* **GIVEN RECORDS**:
*** Begin section ***

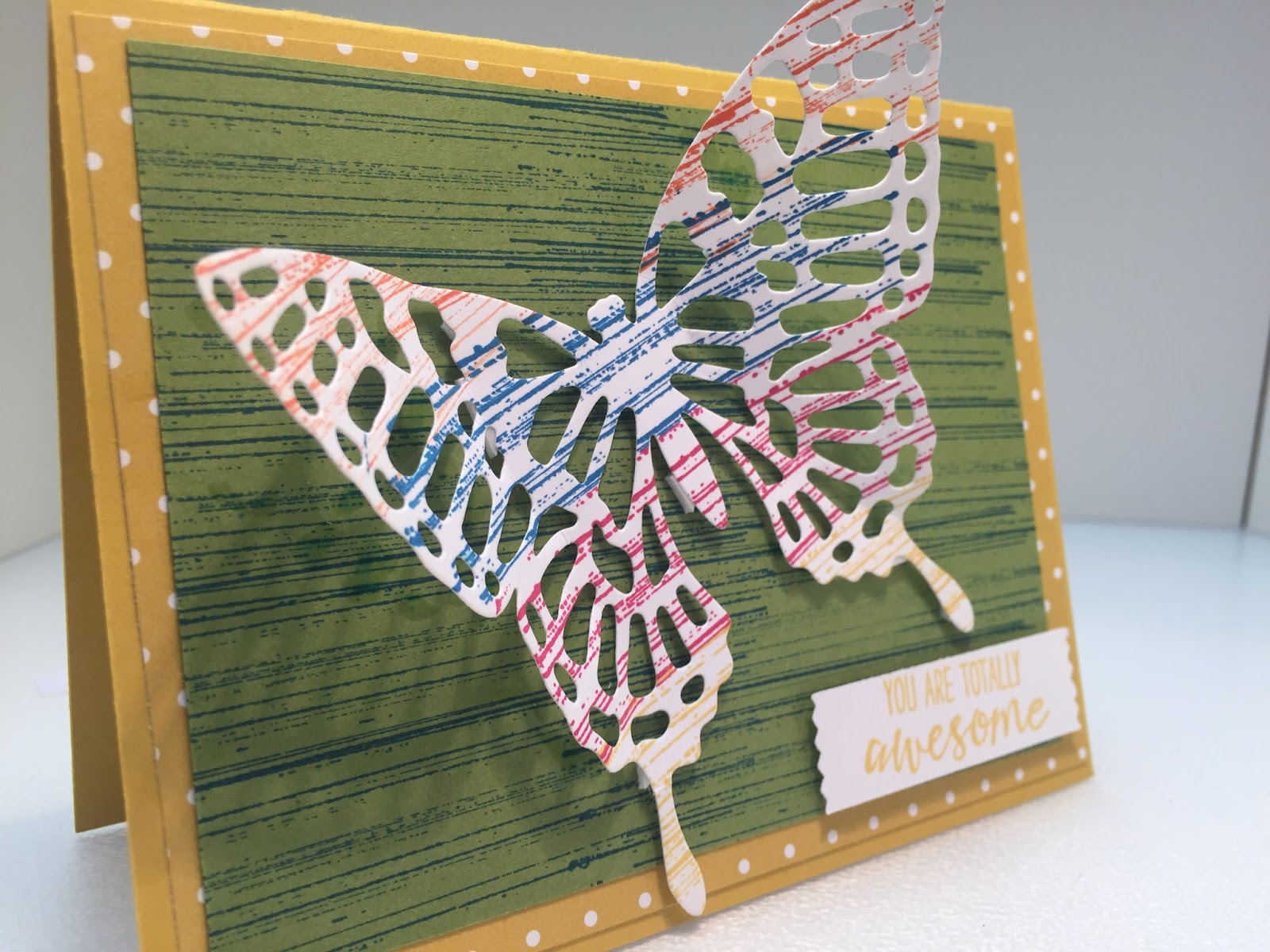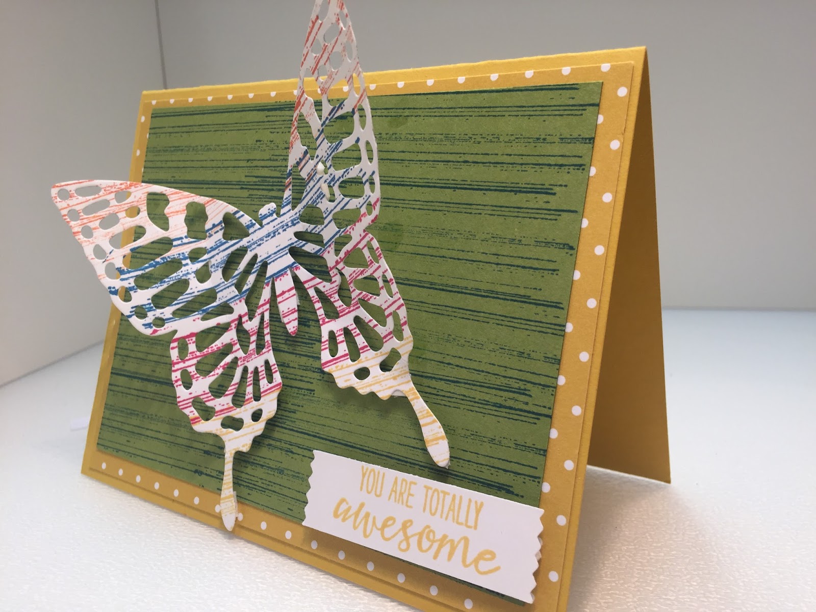 This is a super cute and easy card to make. This is a great card if you need a lot of cards and your short on time. I love how it turned out! I turned my mistake into this card! I was trying to case a card I saw on Tami White’s periscope broadcast. I accidentally used the wrong stamp and didn’t like the way the card turned out. I ended up using the butterfly and creating this beautiful card!
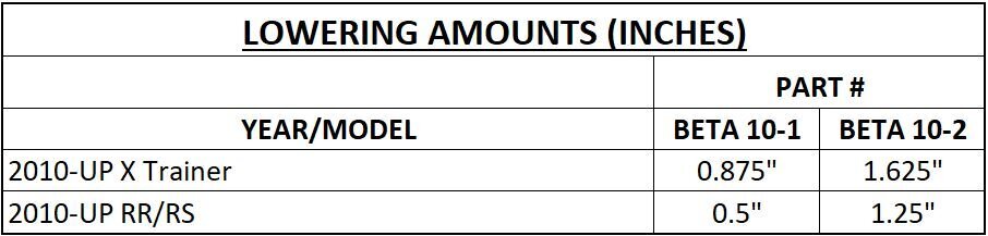 - Lowering amounts indicate REAR lowering, NOT overall bike height.
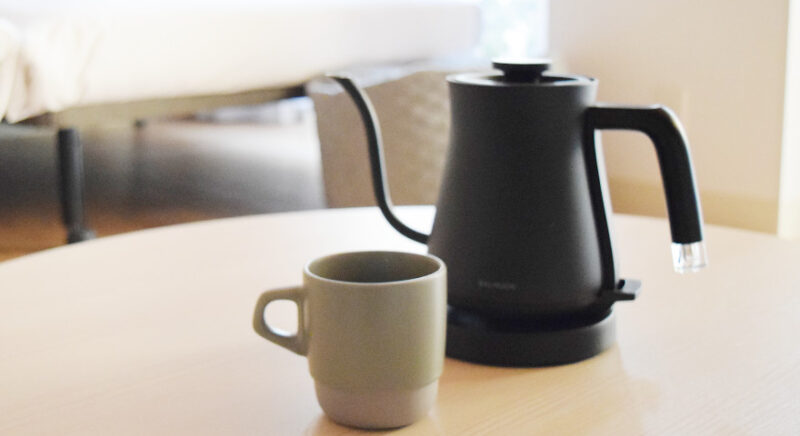 全室バルミューダの電気ポットを完備。お茶も備えてございますので、くつろぎのひとときをお過ごしください。
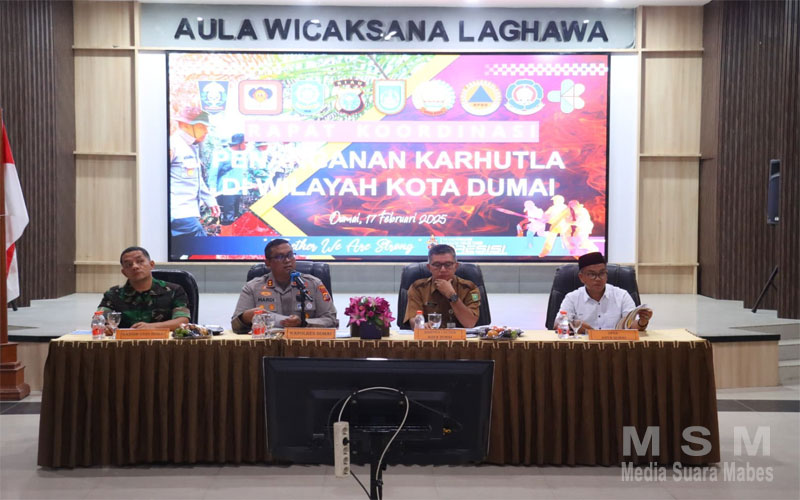 MediaSuaraRakyat (Jaringan MSM), Dumai – Polres Dumai menggelar rapat koordinasi penanganan kebakaran hutan dan lahan (Karhutla) di Aula Wicaksana Laghawa, Polres Dumai, Jalan Jenderal Sudirman, Kecamatan Dumai Timur. Rapat ini dihadiri oleh berbagai pihak terkait, termasuk jajaran pemerintahan, TNI-Polri, BPBD, serta perwakilan DPRD Kota Dumai.
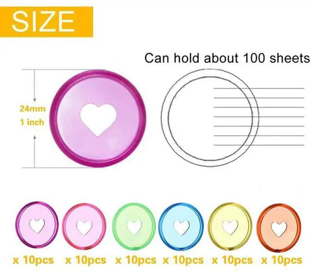 120 Pcs 24Mm Plastic Book Binding Discs, Discbound Expansion Discs, Heart Binder Rings Mushroom Hole For DIY Notebooks
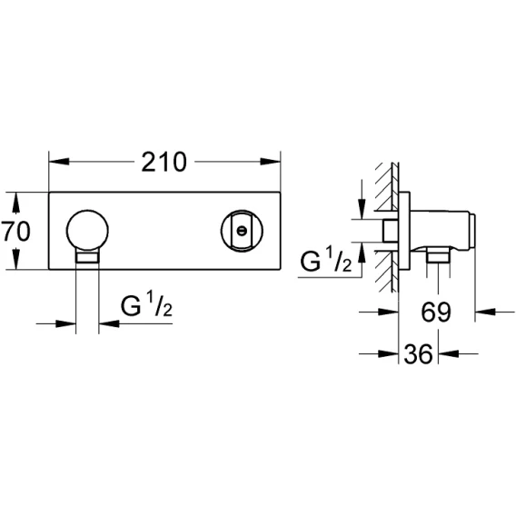 • для встраиваемого механизма 35 034 000 (подключения 1/2") приобретаемая отдельно
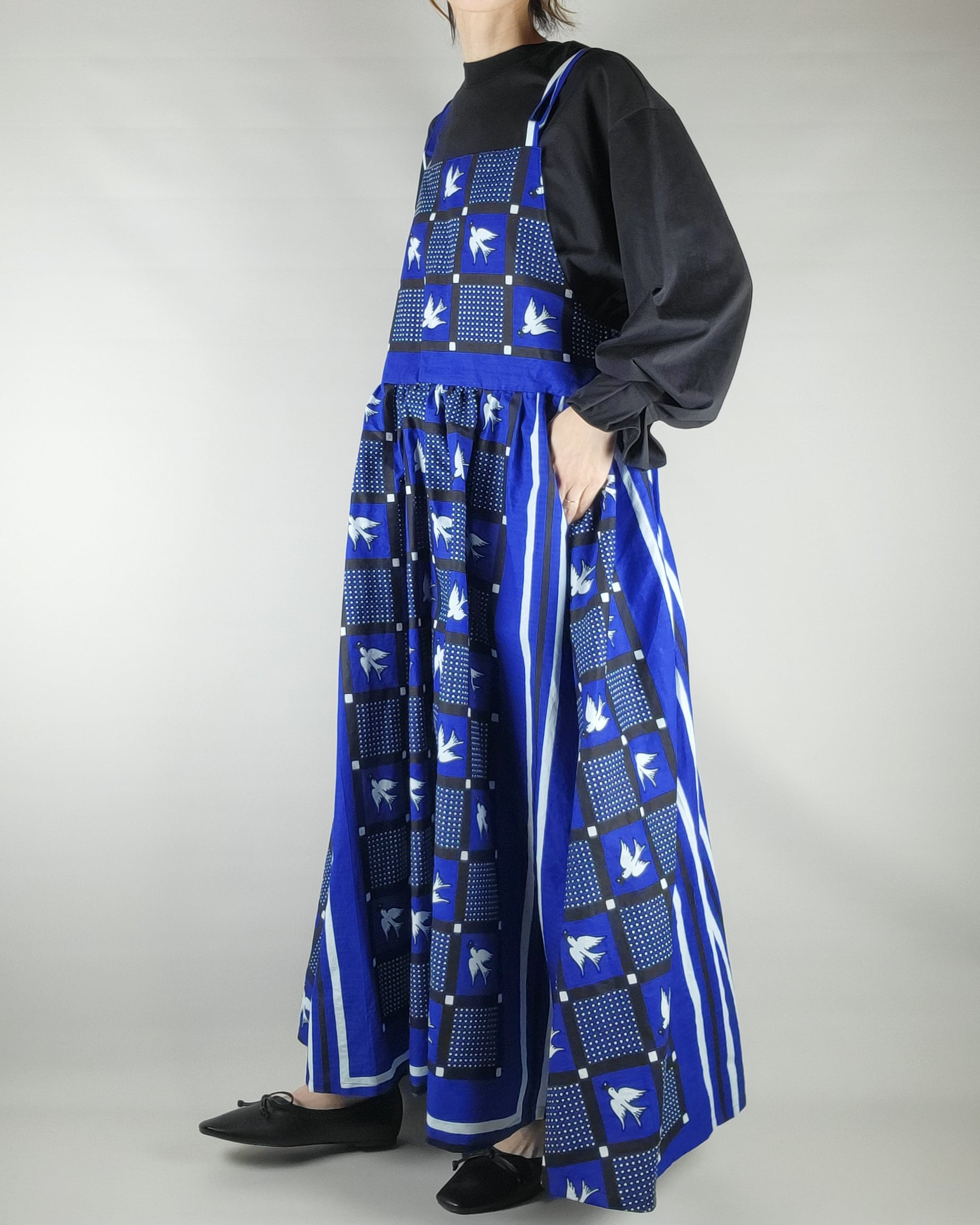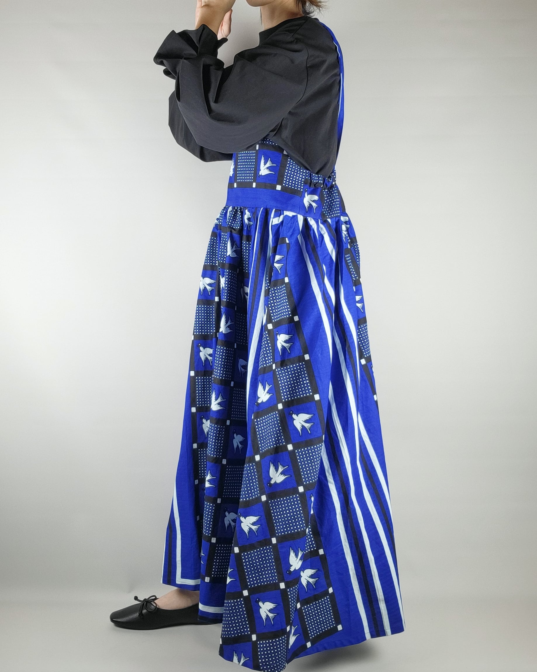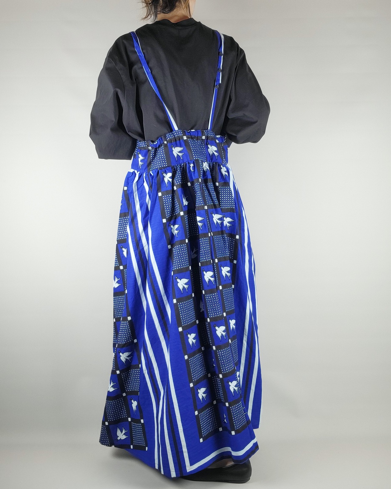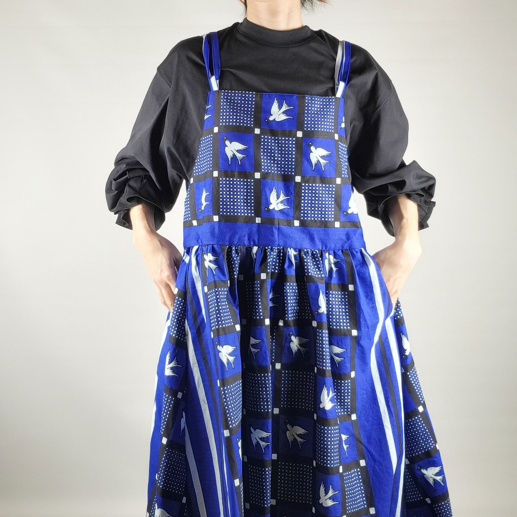 たっぷりギャザーのサロペットスカート blue bird
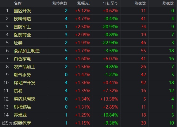 受外围市场影响,指数早盘低开低走,10点半后见底反弹,午后震荡盘升。园区开发、饮料制造、国防军工、医药商业、证券等板块位列涨幅榜,有色、钢铁、煤炭板块转向跌幅榜。养老概念、医美、白酒、证券、国防军工等多板块活跃。两市个股涨多跌少,涨幅大于7%个股112只,跌幅大于7%个股39只,两市成交额合计8433亿元。截至收盘,上证指数涨0.40%,报3441.85点,深证成指涨0.35%,报13966.79点,创业板指跌0.01%,报2921.34点。
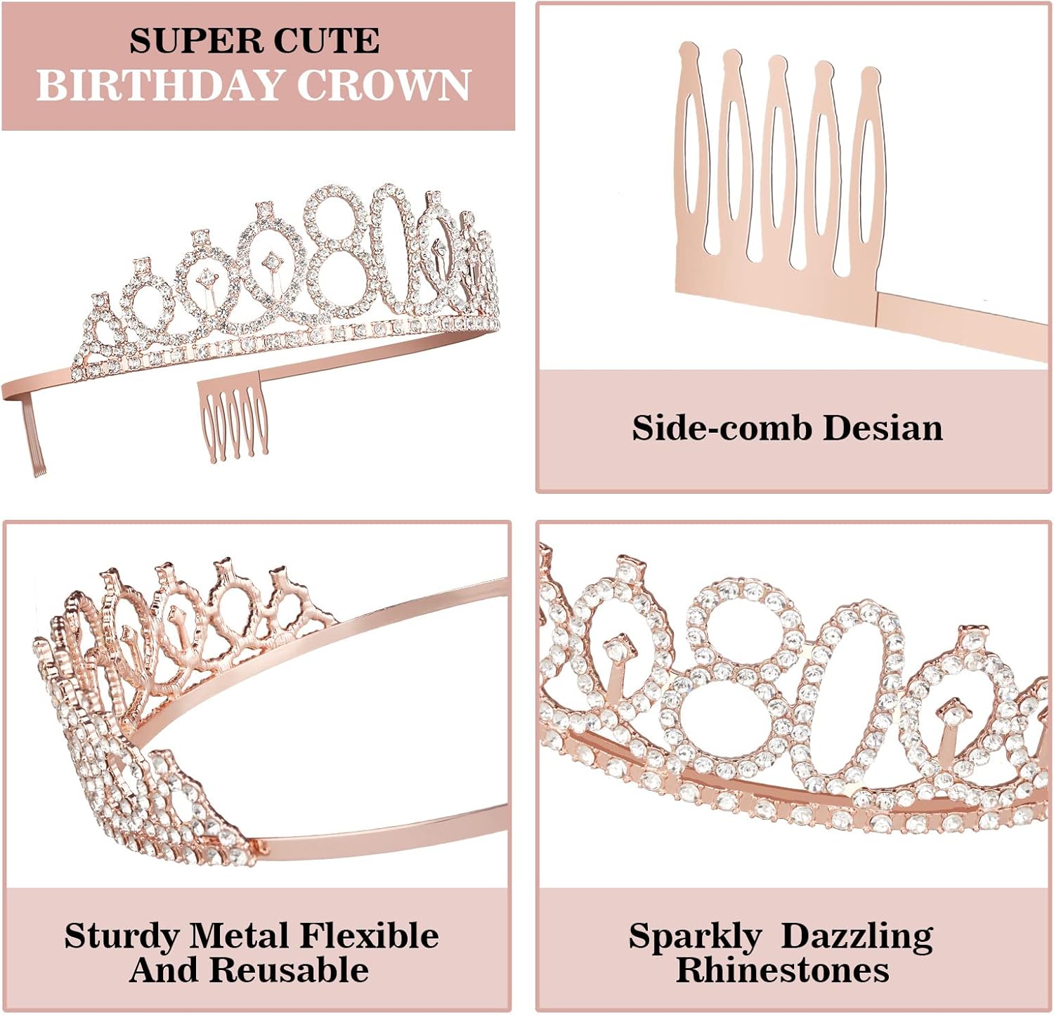 - 80th Birthday Crown for Women: Made of high quality alloy and rhinestone. Rose gold 80th birthday tiara with combs that make sure it can grip the hair more tightly for fitting women. Dimension: 5.12β on the front side

*** End section ***

* **WORK ORDER**:
Exactly the lines from the top of the listing through the line with "受外围市场影响,指数早盘低开", and no pictures, should be printed.

* **REPLY**:
 This is a super cute and easy card to make. This is a great card if you need a lot of cards and your short on time. I love how it turned out! I turned my mistake into this card! I was trying to case a card I saw on Tami White’s periscope broadcast. I accidentally used the wrong stamp and didn’t like the way the card turned out. I ended up using the butterfly and creating this beautiful card!
 - Lowering amounts indicate REAR lowering, NOT overall bike height.
 全室バルミューダの電気ポットを完備。お茶も備えてございますので、くつろぎのひとときをお過ごしください。
 MediaSuaraRakyat (Jaringan MSM), Dumai – Polres Dumai menggelar rapat koordinasi penanganan kebakaran hutan dan lahan (Karhutla) di Aula Wicaksana Laghawa, Polres Dumai, Jalan Jenderal Sudirman, Kecamatan Dumai Timur. Rapat ini dihadiri oleh berbagai pihak terkait, termasuk jajaran pemerintahan, TNI-Polri, BPBD, serta perwakilan DPRD Kota Dumai.
 120 Pcs 24Mm Plastic Book Binding Discs, Discbound Expansion Discs, Heart Binder Rings Mushroom Hole For DIY Notebooks
 • для встраиваемого механизма 35 034 000 (подключения 1/2") приобретаемая отдельно
 たっぷりギャザーのサロペットスカート blue bird
 受外围市场影响,指数早盘低开低走,10点半后见底反弹,午后震荡盘升。园区开发、饮料制造、国防军工、医药商业、证券等板块位列涨幅榜,有色、钢铁、煤炭板块转向跌幅榜。养老概念、医美、白酒、证券、国防军工等多板块活跃。两市个股涨多跌少,涨幅大于7%个股112只,跌幅大于7%个股39只,两市成交额合计8433亿元。截至收盘,上证指数涨0.40%,报3441.85点,深证成指涨0.35%,报13966.79点,创业板指跌0.01%,报2921.34点。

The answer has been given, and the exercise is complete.